As a sport, offshore racing has suffered through decades of politics and power plays. And for competitors and fans, that’s been a shame because in its finest moments the sport delivers great action, at least if big boats running fast on the water is your thing. But with a steadily contracting event schedule during the past few years, Super Boat International, one of the sport’s premiere and longest-standing producers of events that include the coveted annual offshore world championships in Key West, Fla., has seen racer participation and fan interest decline.
Meanwhile, the Offshore Powerboat Association, a New Jersey-based outfit that runs under the American Power Boat Association umbrella, has remained solid with its own boat and event counts. In fact, the organization has added races—and attracted racers—during the past few years.
But where OPA captured the grassroots racer crowd, SBI attracted the top teams in the premiere classes, though there always was some crossover. The well-known Miss GEICO team, for example, competed on both circuits, albeit with zero competition in the OPA ranks. The same could be said for AHM Motorsports and other Super Cat-class teams that competed in OPA races, whereas they faced competitive five- to seven-boat fleets on the SBI circuit.
With the six-race APBA Championship Series, which kicks off May 17-19 in Cocoa Beach, Fla., with venues as far south as Sarasota, Fla., and as far north as St. Clair, Michigan, organizers from the Offshore Powerboat Association and Powerboat P1 organization are hoping to change that. In addition to online Livestream, the co-organizers reportedly have inked post-event television for coverage for all six events. And they already have series-long commitments from teams in various classes such as Miss GEICO, the Dubai-based Victory team, the 2018 SBI Superboat-class world champion WHM Motorsports team, the 2016-2018 SBI Superboat-class world champion Performance Boat Center team.
If commitments from teams running in the Super Vee Lite and Super Stock come through, each of those thriving, fan-favorite classes could have six to 10 boats at every race.
“We’ve been getting a great response,” said Azam Rangoonwala, chief executive officer of Powerboat P1, which has produced SuperStock, single-engine V-bottom-class racing in the United States for the past six years. “Everyone wants to race in something consistent. Some racers might not have be able to make all six races—OPA has a lot of racers who won’t—but I think everyone just wants to race. And we are making a platform where everyone can race.
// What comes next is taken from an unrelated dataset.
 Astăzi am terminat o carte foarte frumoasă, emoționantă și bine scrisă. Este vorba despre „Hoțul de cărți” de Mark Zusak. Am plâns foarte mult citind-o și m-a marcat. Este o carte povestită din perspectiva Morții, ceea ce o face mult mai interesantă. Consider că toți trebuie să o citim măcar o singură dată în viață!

“It’s not easy, as you know, with all the classes and different elements and sites involved,” he continued. “But by bringing it together under the ABPA, we link back to the UIM (Union Internationale Motonautique, powerboat racing’s longstanding international sanctioning body) and start with a fresh slate.”
As noted above, series will kick off in May with the Cocoa Beach event, followed the Lake Race, June 1-2, in Missouri. From there, it will pick up again July 6-7 in Sarasota, Fla., followed by two more race—St. Clair, Mich., July 27-28 and Michigan City, Ind., Aug. 3-4—before moving to Clearwater for the series finale.
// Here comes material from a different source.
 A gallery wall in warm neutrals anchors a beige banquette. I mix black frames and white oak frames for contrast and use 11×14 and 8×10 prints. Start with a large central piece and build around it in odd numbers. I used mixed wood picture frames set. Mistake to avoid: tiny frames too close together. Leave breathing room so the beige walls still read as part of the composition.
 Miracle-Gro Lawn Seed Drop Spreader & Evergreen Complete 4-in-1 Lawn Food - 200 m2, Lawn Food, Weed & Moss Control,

More recently, OPA and Powerboat P1 have submitted a Request For Proposal to the City of Key West for the five-year contract to be named “race promoter” for its annual races in early November. With the 2018 Key West Worlds, SBI, which also is bidding for the contract, finished its completed its five-year agreement. Representatives from SBI, OPA/P1 and Race World Offshore, which produced its first two races last year, met last month with Key West assistant city manager Gregory Veliz, who candidly told, “Make your best deal.”
The winning bidder will be announced later this month. If the OPA/P1 win group does secure the contract, the Key West event will be kept as a separate week of world championship racing from the six-race APBA Championship Series.
“We were hesitant to go for the RFP in the first place actually, just because it’s such a big event and we’re doing a lot already,” said Rangoonwala, who has support for the APBA series and Key West World from Mercury Racing, which introduced an 1,100-hp ECM-sealed spec engine for its most powerful class, and the Miss GEICO offshore racing team. “To take on another event like Key West is not a small task. But we essentially said, “We are doing so much to bring together all these races in our series and maintain consistency within the sport and you can only do this once every five years, so let’s just go for it."
“We are confident,” he continued. “We also know there are a lot of politics involved. We understand that we don’t 100-percent have it, but you know what? We are going to put our best foot forward and see how it goes. You never know what is going to happen but we feel like we have a good opportunity and, hey, let the best man win.”